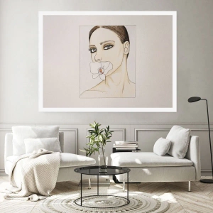 Poster - Porträt einer Frau mit einer Orchidee auf den Lippen - 50x70cm - Ein Symbol für Eleganz und Schönheit - Moderne Wanddekoration für Wohnzimmer und Schlafzimmer ARTTOR
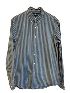Polo Ralph Lauren Custom Fit Button Up Dress Shirt Green Stripe Size MEDIUM
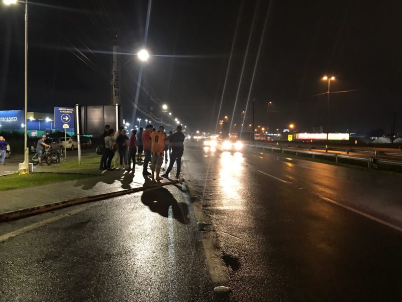 Além disso, os manifestantes estavam reunidos no Km 116, da BR-101, em frente ao prédio da Havan, em Palhoça. Porém, por volta das 21h, o trânsito foi liberado, mas continuavam ao lado da rodovia.

————

> [Goal of the exercise] Every line from the one that holds "Polo Ralph Lauren" to the end of the listing should be output exactly, with pictures left out, please.

> [Response area]
Polo Ralph Lauren Custom Fit Button Up Dress Shirt Green Stripe Size MEDIUM
 Além disso, os manifestantes estavam reunidos no Km 116, da BR-101, em frente ao prédio da Havan, em Palhoça. Porém, por volta das 21h, o trânsito foi liberado, mas continuavam ao lado da rodovia.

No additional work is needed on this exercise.